The Australia Effect
What I Found — and Lost — Down Under
Do you too have that season of your life–that when you revisit it, feels less like a real memory and more like a deleted scene, a cut to a different character, a glimpse into a version of you that you do not recognize?
That is how I sometimes remember Australia. Four months in which I grew 10 years older, or so it felt. Somewhere between the sharp, early morning squawk of magpies and the silent sweep of fruit bats across a violet sky, I became someone new. Someone I had always wanted to be.
But it cost something.
NOTE: The “Australia Effect“ is a viral trend, particularly on TikTok and Instagram, describing the physical and lifestyle transformation that travelers and expats experience in Australia. Characterized by a shift toward a more “natural,” tanned, and relaxed appearance, it is driven by Australia’s laid-back, outdoor-focused culture, warm weather, and a “work-to-live” mentality.
My junior year of college was the most pivotal stretch of my education—and I spent none of it at my university.
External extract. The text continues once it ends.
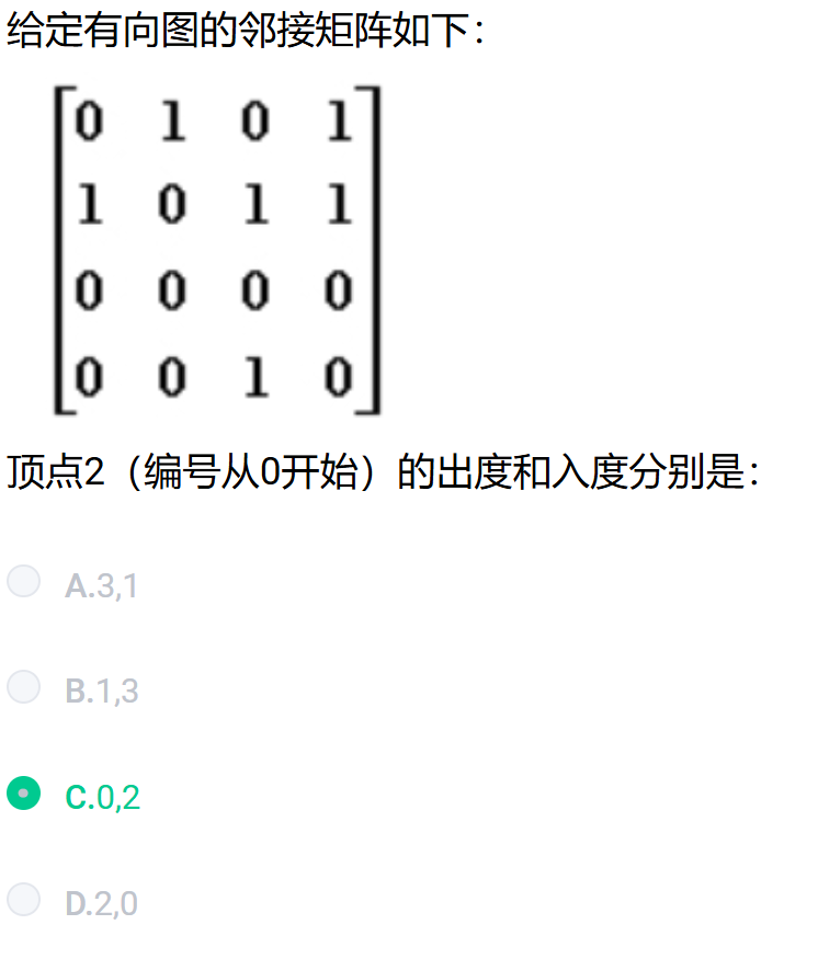 出度:第三行(编号2)均为0,所以出度为0.

I didn’t know what I wanted to do with my life. I didn’t know what I was good at. I didn’t know what I cared about deeply enough to suffer for. And I was certain I wouldn’t find those answers staying put.
So I left.
In Florence, Italy I studied wine, photography, and culture. I skipped off to overpriced cocktails in Ibiza, steins in Munich at Oktoberfest, and cliffside glasses of wine along the Amalfi Coast.
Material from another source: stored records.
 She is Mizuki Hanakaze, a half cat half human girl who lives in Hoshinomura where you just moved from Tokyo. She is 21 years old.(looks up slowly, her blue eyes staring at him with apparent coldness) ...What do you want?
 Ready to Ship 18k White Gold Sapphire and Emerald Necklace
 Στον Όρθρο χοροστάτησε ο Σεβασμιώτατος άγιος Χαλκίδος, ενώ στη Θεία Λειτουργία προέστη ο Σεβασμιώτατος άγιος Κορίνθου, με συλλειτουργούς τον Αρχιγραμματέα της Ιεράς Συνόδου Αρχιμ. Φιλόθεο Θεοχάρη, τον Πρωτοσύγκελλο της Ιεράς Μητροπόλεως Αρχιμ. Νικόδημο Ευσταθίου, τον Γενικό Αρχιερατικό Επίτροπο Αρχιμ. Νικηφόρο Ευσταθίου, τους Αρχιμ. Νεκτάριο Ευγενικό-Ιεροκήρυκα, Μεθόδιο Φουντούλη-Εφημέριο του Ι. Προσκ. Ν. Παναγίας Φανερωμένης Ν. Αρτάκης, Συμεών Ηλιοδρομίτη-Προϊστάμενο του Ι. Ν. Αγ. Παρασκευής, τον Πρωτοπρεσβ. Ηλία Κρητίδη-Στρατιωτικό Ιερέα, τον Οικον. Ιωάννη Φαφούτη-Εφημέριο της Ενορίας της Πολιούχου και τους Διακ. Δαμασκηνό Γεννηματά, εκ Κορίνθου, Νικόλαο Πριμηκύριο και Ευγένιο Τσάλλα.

Those nights were some of the best of my life—laughter spilling into cobblestone streets, shenanigans that still make me smile.
But the mornings?
The mornings were brutal.
Hangovers that kept me horizontal until mid-afternoon three days a week. Headaches that pulsed behind my eyes. Nausea triggered by the faintest whiff of cigarette smoke—ironic, considering it was a habit I had adopted. Every few weeks, a new illness. Already skinny, I became skeletal.
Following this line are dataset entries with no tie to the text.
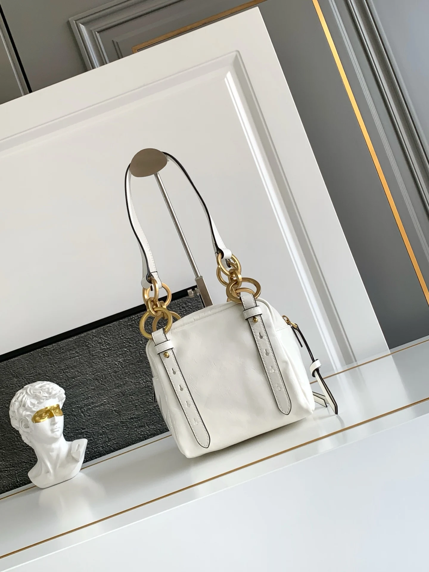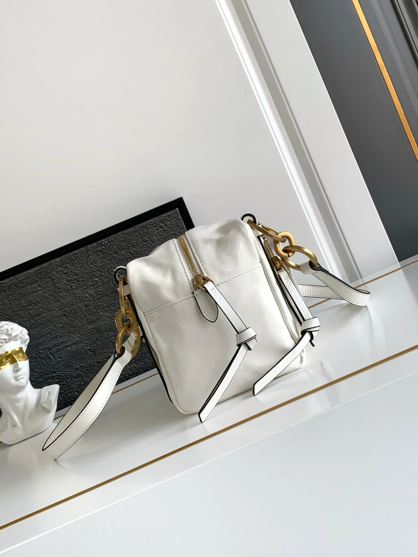 这款新方正手提包甄选复古感柔软油腊皮革制成 复古金属五金配件与典藏素拉链口袋 彰显复古魅力 容量空间大 手提和肩带都可以 上身效果时尚又百塔 又是一款永久不过时爆款 赶紧入手吧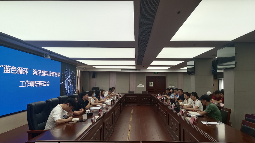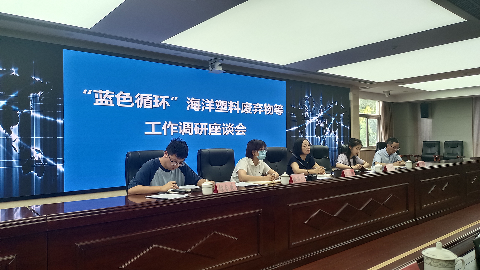 台州在全国率先构建“蓝色循环”体系,实现了海洋塑料废弃物“从海洋到货架”的全链条治理,打造了海洋垃圾治理的“台州样板”。2023年,浙江“蓝色循环”海洋塑料污染治理新模式获得联合国“地球卫士奖”。7月22日下午,调研团一行前往台州市生态环境局,与市局各处室负责人和企业负责人开展座谈会,深入了解台州市生态文明建设成果,及其发展进程中遇到的难点、堵点。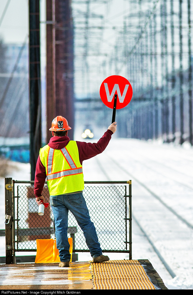 A ROW crew member alerts his associates of an in-coming NJT train (seen in the distance) during a snow removal operation at Edison, NJ.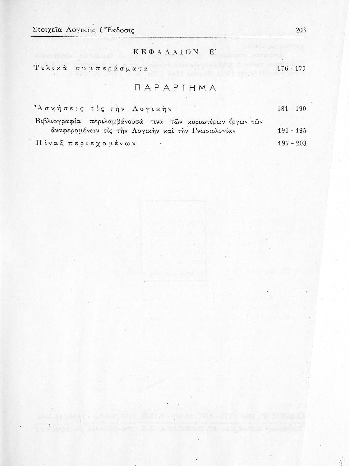 Σχολικό εγχειρίδιο Λογικής ΣΤ΄ Γυμνασίου που είναι δομημένο θεματικά και περιλαμβάνει ζητήματα τυπικής λογικής, μεθοδολογίας και γνωσιολογίας. Περιέχει παράρτημα με ασκήσεις λογικής.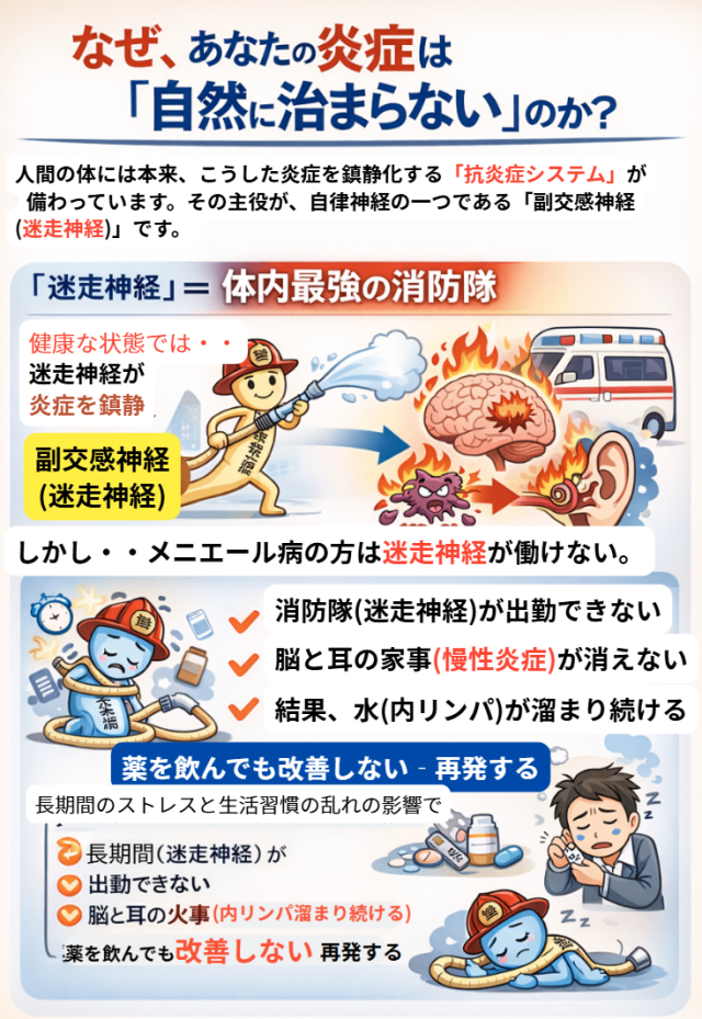 健康な状態であれば、迷走神経がしっかり働き、抗炎症作用を発揮して、脳や耳の炎症を速やかに鎮火してくれます。 しかし、メニエール病でお悩みの方の多くは、長期間のストレスや生活習慣の乱れにより、この迷走神経のパワーが著しく低下しています。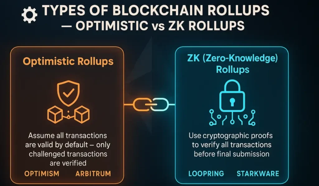 - Optimistic rollups: how optimistic rollups work is by assuming all transactions created are valid by default, unless someone makes a dispute. If no one challenges the validity of the transaction, then they are considered valid and approved. Examples include optimism and Arbitrum.
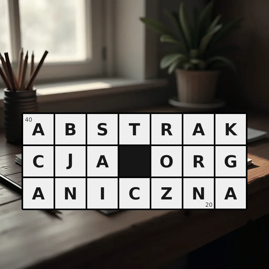 Słowo „abstrakcja organiczna” ma 20 znaków (bez spacji i łączników).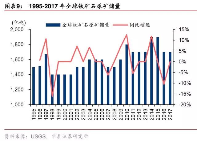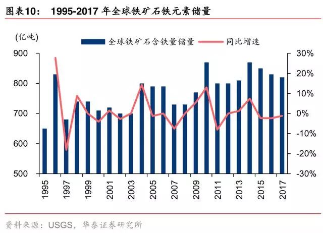 全球铁元素储量于 2014 年见顶。据 USGS,全球铁元素储量已从 2014 年高峰期的 870 亿吨下降至 2017 年的 820 亿吨,或与矿山减少勘探等相关资本开支有关。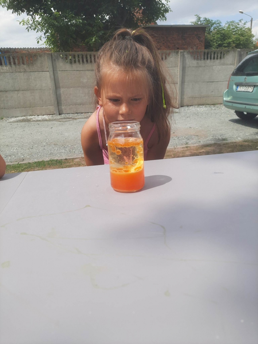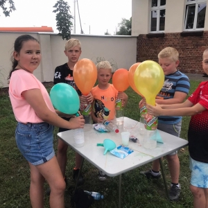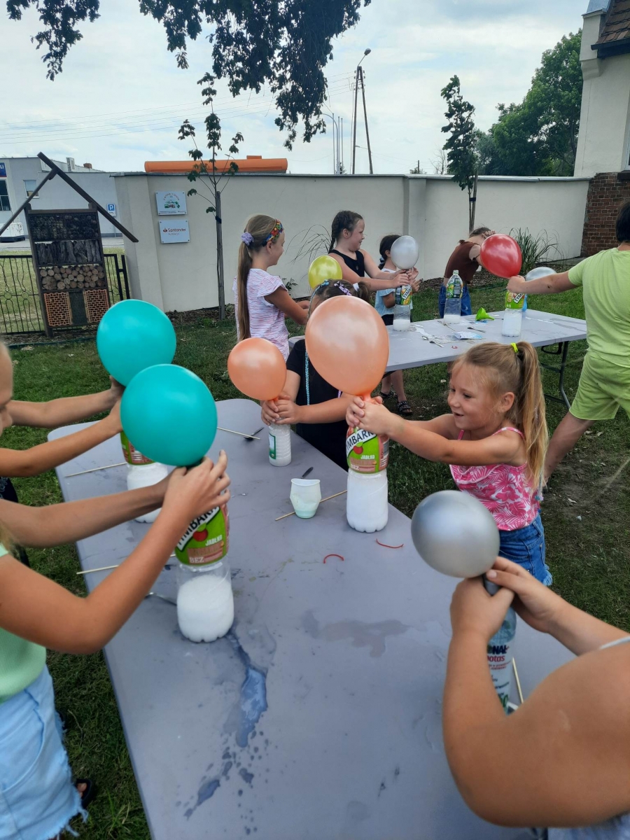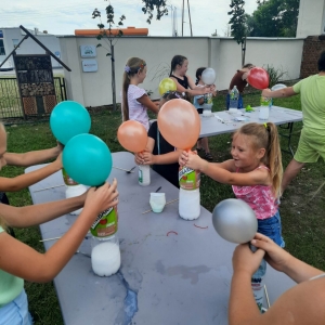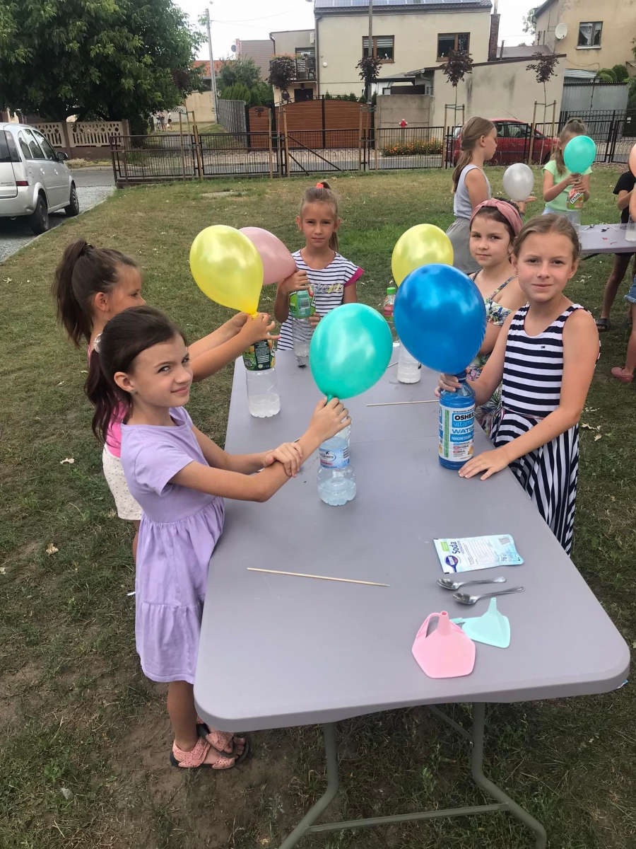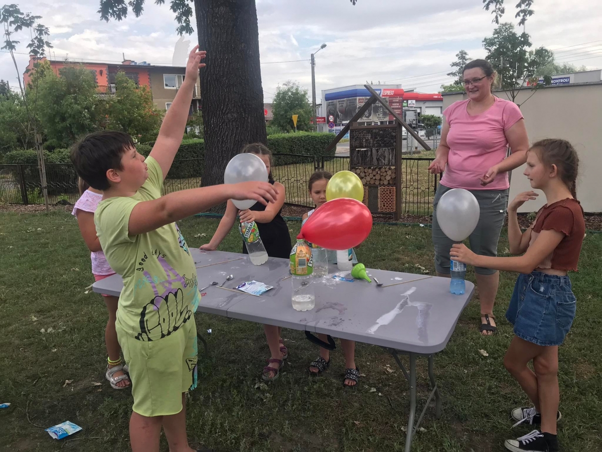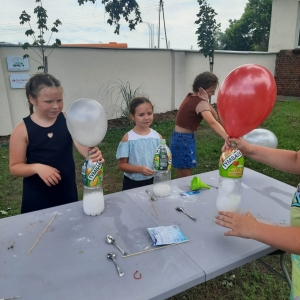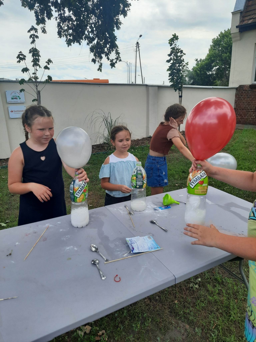 Kolejną część poniedziałkowych Wakacji z Biblioteką spędziliśmy przy eksperymentach. Z dostępnych w każdym domu produktów spożywczych tworzyliśmy wulkany, słoiki pełne magii. Dzięki zachodzącym reakcjom chemicznym nauczyliśmy się jak w prosty sposób można nadmuchać balony.

The weekend highs magnified the weekday lows. Adventure intensified the monotony. I was vibrant 25% of the time—and barely functioning the other 75%.
I had some incredible times studying in Europe. I skydived with my cousin in Spain. Skied with my dad and brother in Switzerland. Explored Sicily on a class trip. But the space in between—I was living recklessly, and abusing myself in the process.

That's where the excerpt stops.